The 2017 version of MuckFest MS, the five-kilometer fundraising mud-run series, will begin in a few weeks.
The event, organized by the National Multiple Sclerosis Society and Event 360, features more than 18 obstacles in muddy settings. They include the swing set, muck off, skid mark, and more. Participants of any athletic level – beginner to advanced – can join in the fun.
All proceeds will go to the National Multiple Sclerosis Society. The New York-based non-profit organization’s mission is to help multiple sclerosis (MS) patients by funding research, increasing awareness, providing ongoing professional education, and offering programs and services for patients and their loved ones. In 2016, the Society invested $42 million in 380 new and ongoing research projects worldwide.

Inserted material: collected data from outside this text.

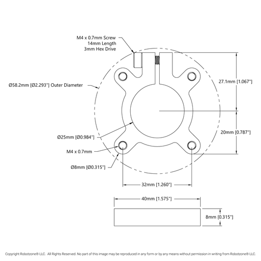 1305 Series Thru-Hole Clamping Hub (25mm Bore)
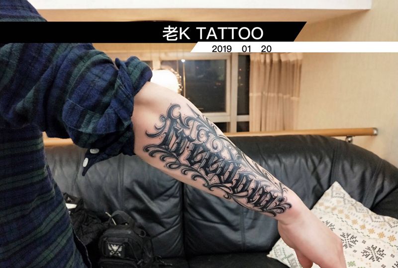 当前位置: 首页 >江苏省南京市纹身店-老K TATTOO纹身图案>花体字纹身图片_手臂花体字纹身图案
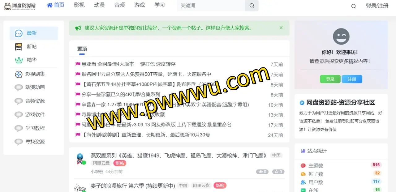 这是一个专注于网盘资源共享的在线社区,汇集了多种主流云存储服务的资源内容。用户无需注册账户即可浏览并获取资源链接,若需参与内容发布或社区互动则需完成登录流程。
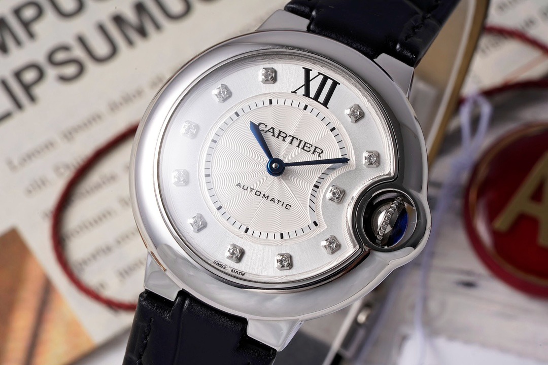 ĐỒNG HỒ CARTIER BLUE BALLOON REPLICA CỌC KIM DÂY DA NHÀ MÁY AF 33MM
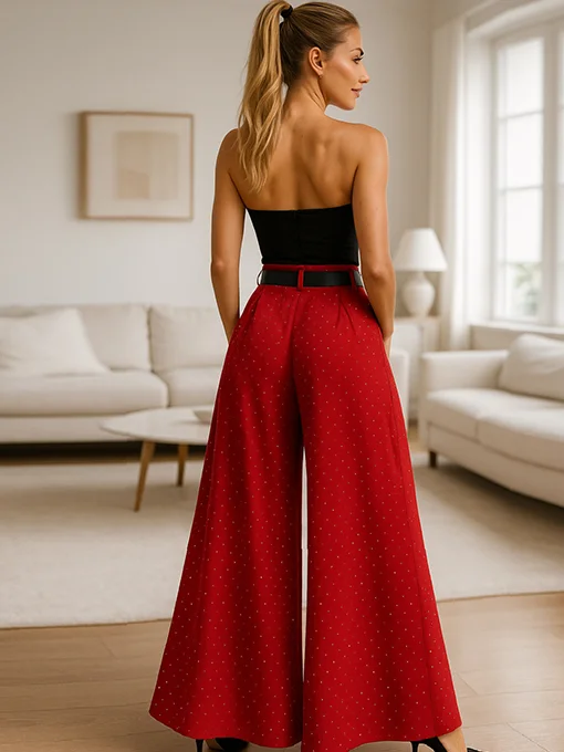 Η wide-leg παντελόνα με στρασάκια είναι το απόλυτο statement κομμάτι για εντυπωσιακές εμφανίσεις. Με εξαιρετικά φαρδιά γραμμή που ανοίγει απόλυτα προς τα κάτω. Διαθέτει διακριτικές λάμψεις με στρας σε όλη την επιφάνεια και φαρδιά μαύρη ζώνη με χρυσή αγκράφα.
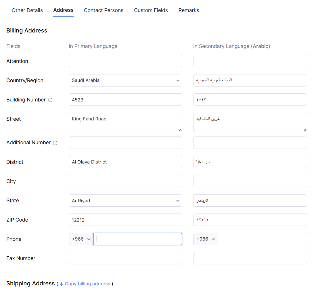Click the Address tab to add the Billing and Shipping addresses. If the Shipping address is the same as that of the Billing address, then you can click the Copy billing addressbutton.
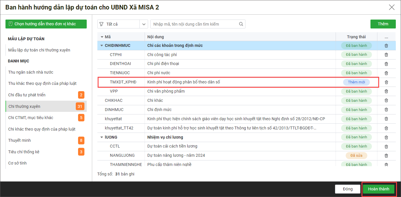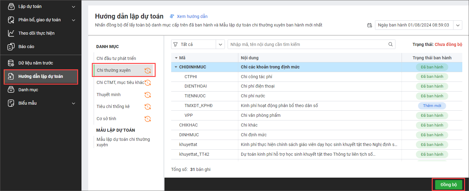 *Lưu ý: Khi đồng bộ danh mục Chi thường xuyên, danh mục Thuyết minh và Cơ sở tính sẽ được tự động cập nhật theo.
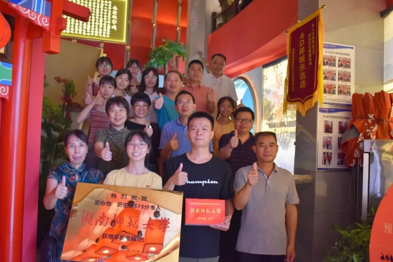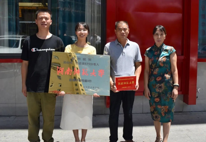 8月25日,校长夫人、校财务总监梁晓芬率高三年级主任、196班班主任钟琼佳以及初中高中任课老师和同学们,带着恭贺铜匾和华为平板电脑,来到城区酒店,祝贺邓心悦历史类575分被湖南师范大学外国语学院录取。
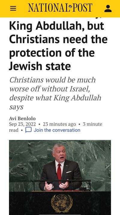 The hypocritical duplicity of King Abdullah's remarks at the UN also contradict the facts on the ground in all the Arab nations that surround Israel. Including Jordan itself, where the International fellowship of Christian and Jews reports that Christians face oppression and lack employment opportunities due to laws that prevent many refugees from working.
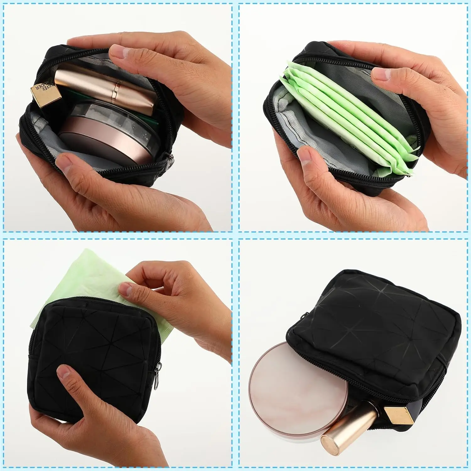 ·Multi-Use: Can also store tampons, nursing pads, keys, cosmetics, cash, cards, earphones, and small essentials.
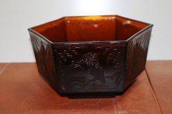 Sherdley Art Deco Hexagonal Amber Glass Kingfishers Bowl.Circa 1925-30. In very nice condition.
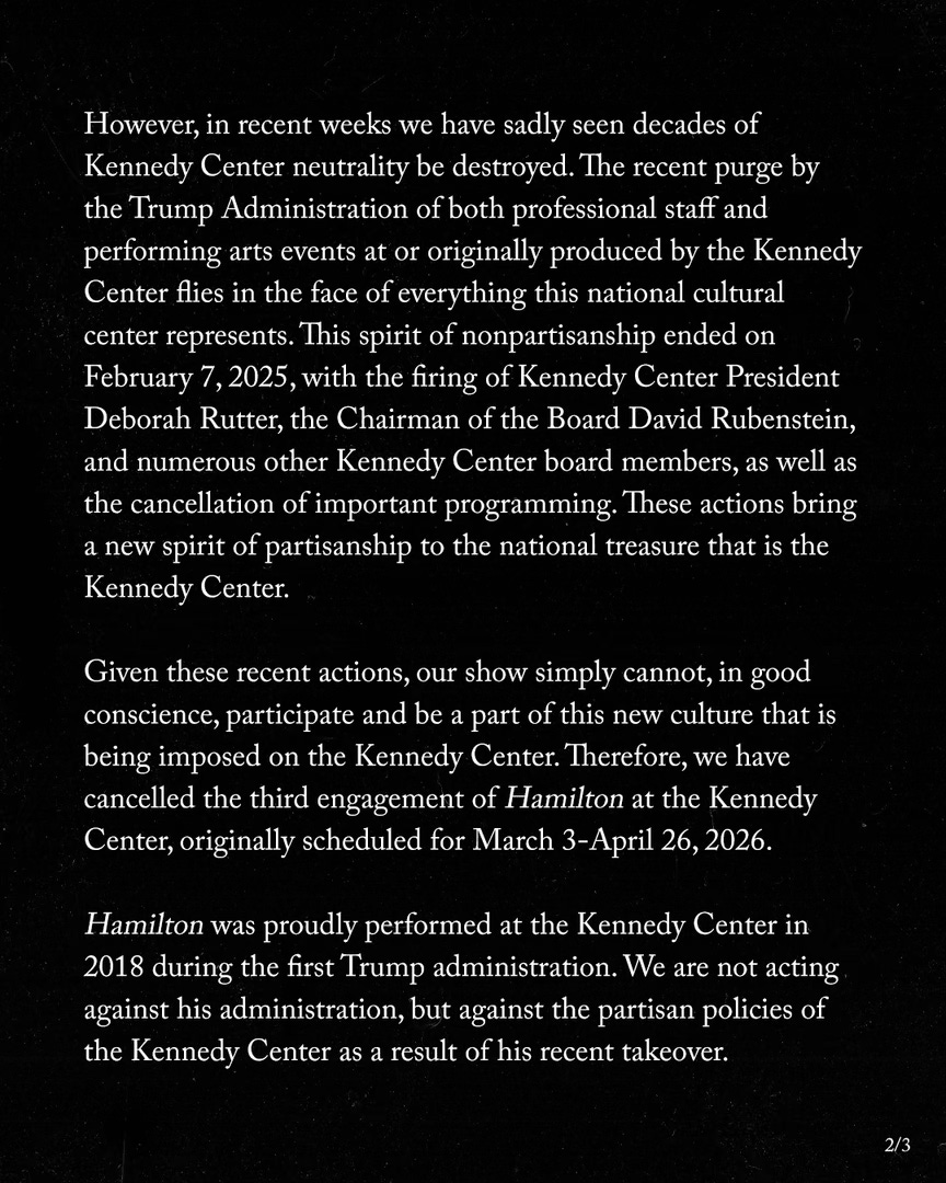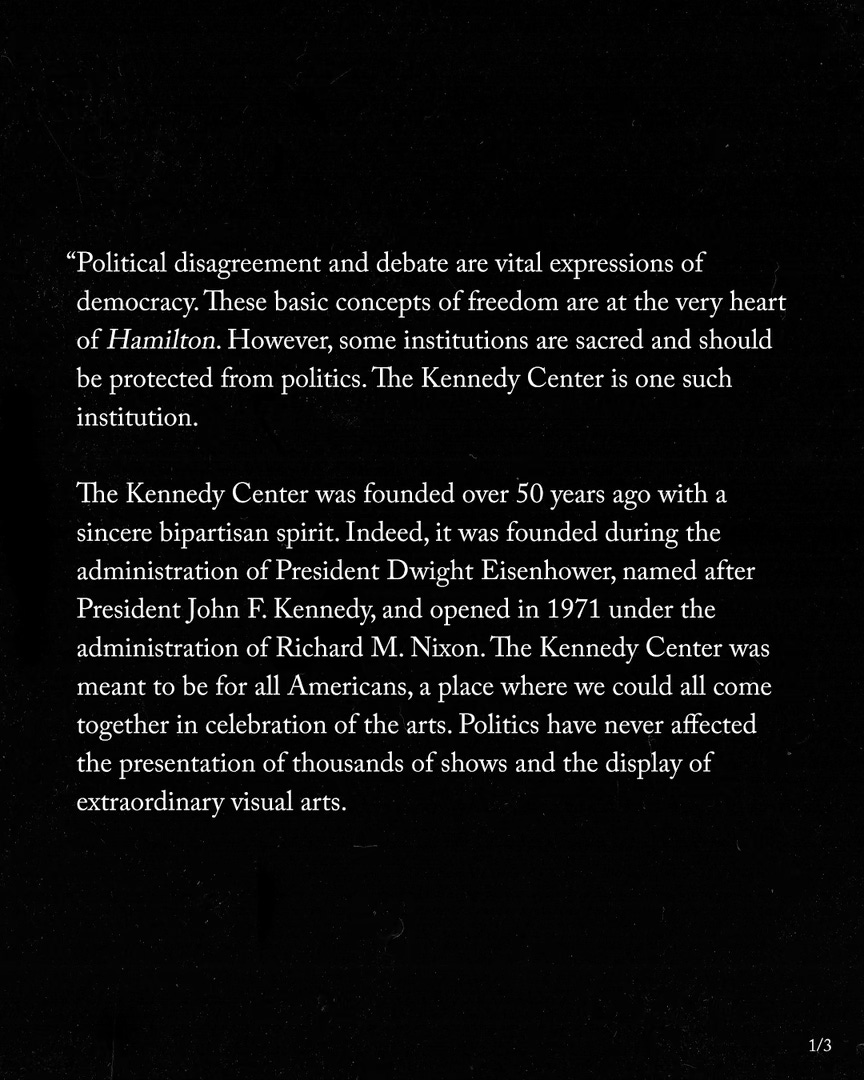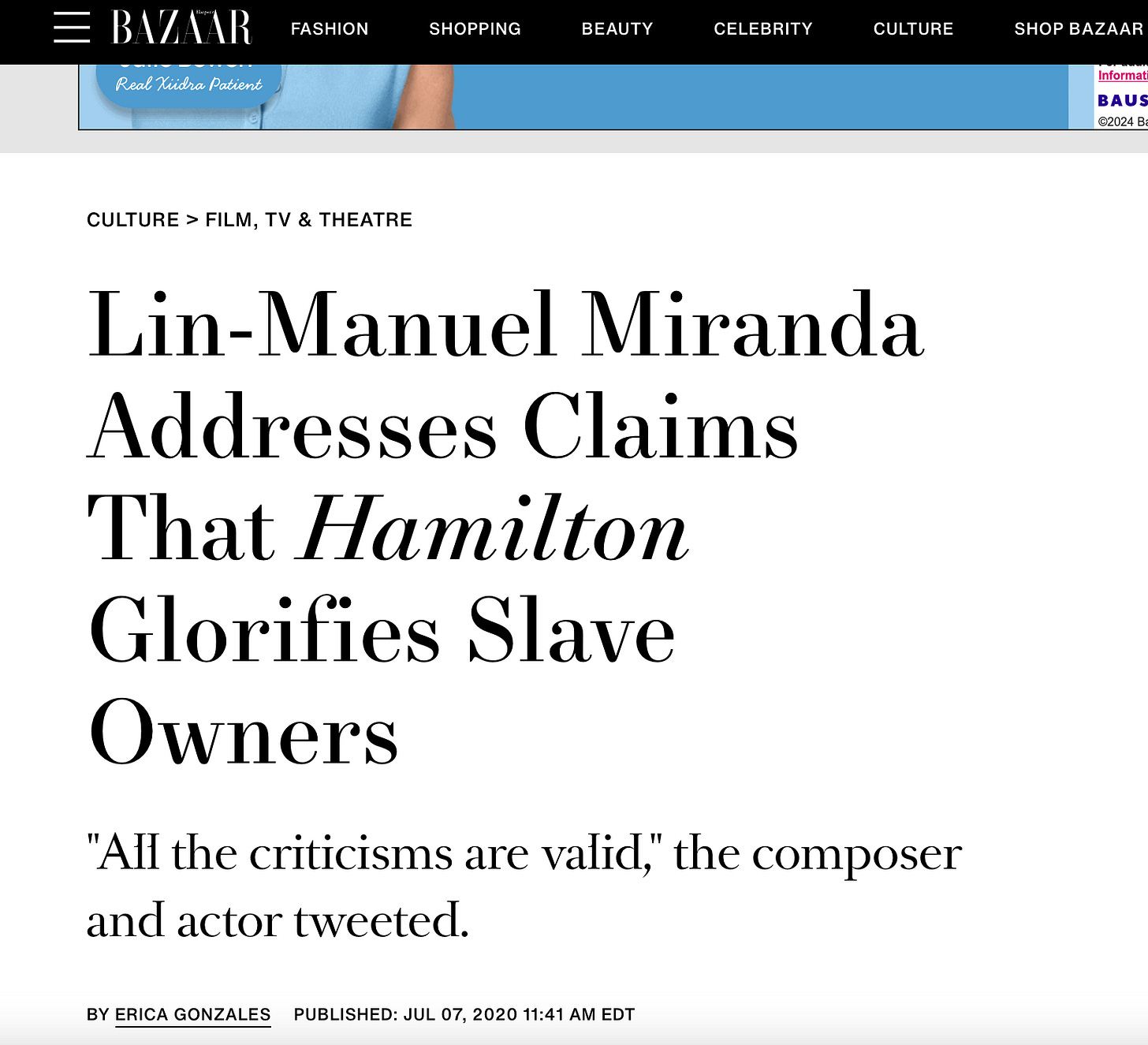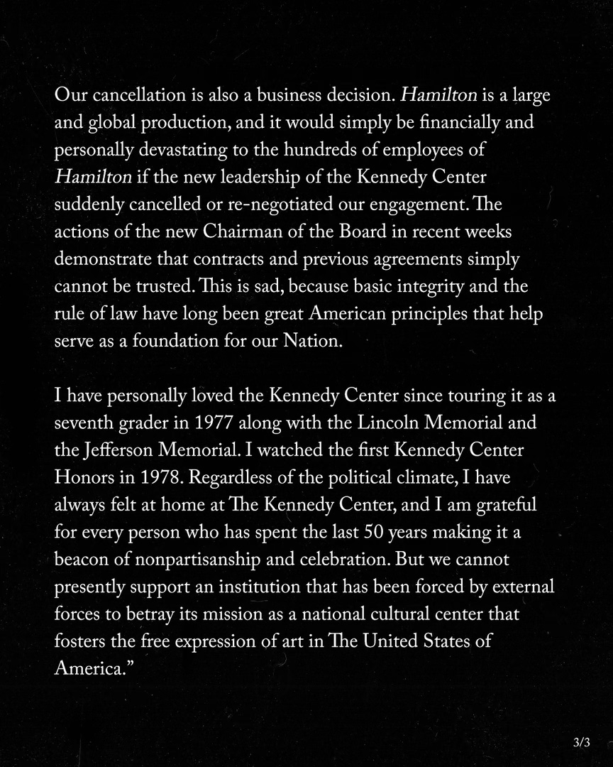 But now I can. All it took was this statement by the producer of Hamilton, Jeffrey Seller, wherein the play cancels itself, hiding behind the usual gaslighting and rationalizations so common on the left:

MS affects more than 2.3 million people globally. Last year more than 40,000 people participated in MuckFest MS, raising over $3 million. Since its beginning, the event has raised more than $25 million.
This year’s events, which will include two new cities — Austin and Charlotte, will take place at:
Charlotte –May 6
Boston – May 20, 21
Philadelphia – June 3, 4
New Jersey – June 24, 25
Denver – July 15
Detroit – Aug. 5
Twin Cities – Aug. 19
Chicago – Sept. 16
Bay Area – Oct. 1
Austin –Oct. 14
Dallas –Oct. 28
So Cal – Nov. 11
Once teams cross the finish line, the can celebrate their achievement at the MuckFestival. There, participants can take a photo and have beer from Traveler Beer, the festival sponsor.
Both the event and the MuckFestival are free for spectators. This includes the Lil’ Muckers muddy kids play area.
MuckFest MS, sponsored by AbbVie, encourages runners to form a team, fundraise before the event, and help each other get through the course.
“MuckFest MS is a fun, purposeful opportunity to support people affected by MS,” Holly Messick, vice president of events for the National MS Society, said in a news release. “It’s inspiring to see individuals and teams come together to challenge and support one another in their fundraising efforts and through the obstacles on the course.”